With Valentine’s Day just around the corner it’s a good time to look at the state of the union. Freedom 55 used to mean tossing off the shackles of your job and walking hand-in-hand with your gracefully-aging partner on a deserted beach in Costa Rica. Yet, with escalating divorce rates among seniors, that Viagra-and-Piña-Colada-fuelled fantasy is overdue for a remake.
So-called “silver divorces,” those among people 55 and older who have typically been married for over 25 years, is rising. Partly this a function of an aging population, as well as increased longevity. In the past, marriages often ended because somebody died (usually the husband). Now with better healthcare and lifestyle habits partners live on and on necessitating remedial measures to address marital dissatisfaction.
But what happens when Boomers’ needs for self-actualization and freedom bump up against this disastrous reality: divorcing later in late is one of the most financially devastating things you can do? Because unless a couple is very well off, splitting assets, as well as paying the costs associated with litigation and moving residences can mean the difference between an okay retirement and one of penury.

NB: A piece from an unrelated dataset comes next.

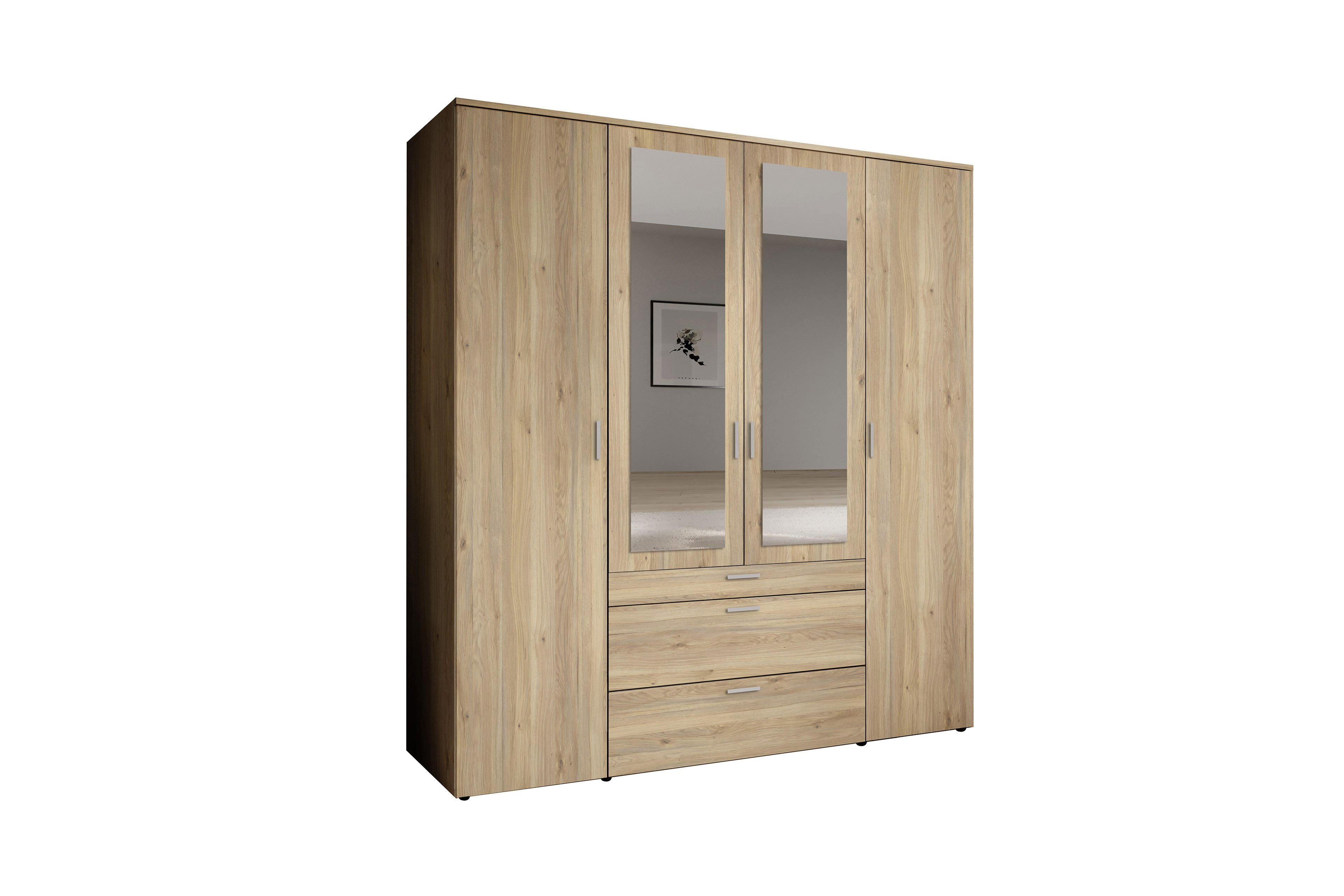 Der POL Power Kombi-Kleiderschrank Vesala vereint moderne Optik mit ausgeklügelter Funktionalität und bietet viel Stauraum für Kleidung, Wäsche und Accessoires. In natürlich wirkender Mauvella-Oak-Nachbildung gehalten, fügt sich der Vesala-Kombischrank perfekt in unterschiedlichste Wohn- und Schlafzimmerkonzepte ein und wirkt dank der zwei integrierten Spiegelauflagen offen und einladend. Die Spiegelflächen vergrößern den Raum optisch und machen Vesala gleichzeitig zu einem praktischen Begleiter beim täglichen Styling. Hinter den vier Türen verbirgt sich ein strukturiertes Innenleben, das Ordnung halten leicht macht. Zwei etwa 43 cm breite Außen-Elemente dienen als Wäschefächer, da sie jeweils mit vier stabilen Böden ausgerüstet sind und viel Platz für gefaltete Kleidung, Handtücher oder Boxen zur Verfügung stellen. Das mittige ungefähr 88 cm breite Kleiderfach beinhaltet eine Kleiderstange und eignet sich somit ideal zur knitterfreien Aufbewahrung von Jacken, Hemden, Kleidern oder Mänteln. Unter den mittleren Spiegeltüren befinden sich drei breite Schubladen, die zusätzlichen Platz für kleinere Kleidungsstücke oder Accessoires schaffen. Besonders praktisch ist die oberste Schublade, die mit einer sechs-fachen Inneneinteilung ausgestattet ist und so übersichtliche Ordnung beim Sortieren von Socken, Unterwäsche oder Schmuck schafft. Der POL Power Kombi-Kleiderschrank Vesala überzeugt damit als stilvolle und funktionale Komplettlösung alle, die Wert auf Struktur und ein zeitloses Erscheinungsbild legen.

It’s understandable why there’s an uptick in divorces among people in their 50s and 60s. For many it’s a time of recovery from decades spent raising a family and working. Suddenly, when a couple is no longer distracted by a revolving list of chores to keep the family unit in shape, they look at one another over breakfast one morning and wonder, “Who is that?”
The cliché was it was usually the husband who was eager to trade in his current wife for a new, younger model. But increasingly, women too are keen to jump ship as they realize that, at 60, they may have 30 more years ahead and can’t face the question, “What are we having for dinner?” one more day.
Postponing sex until you’re a senior doesn’t work so good, neither does postponing divorce.
From a financial perspective, the obvious reason is, whatever expenses were shared by two, are now borne alone. Unless there is a solid-gold pension in one’s future or an in-demand skill for which people will pay handsomely, it’s difficult, if not impossible, to increase income later in life. And, when it comes to the magic of compounding, time is not on the side of the retiree. Those on fixed incomes are not in a position to risk their money in the stock markets. But very conservative investments, like GICs, barely keep pace with inflation, thus constraining nest eggs and reducing buying power.
Not surprisingly, women fare the worst financially after a divorce. This is due to a perfect storm of lower pension payments because of historically lower job earnings, and financial penalties in the form of higher insurance premiums and lower annuity payouts due to their greater longevity. Plus, women pay more for haircuts too.
No one should have to endure an unhappy marriage but being an impoverished senior is no great shakes either. For anyone contemplating “the Great Escape,” it’s best to seize the day well before the Canada Pension cheques roll in, or else “Freedom-55″ might just become “Screwed-at-60.”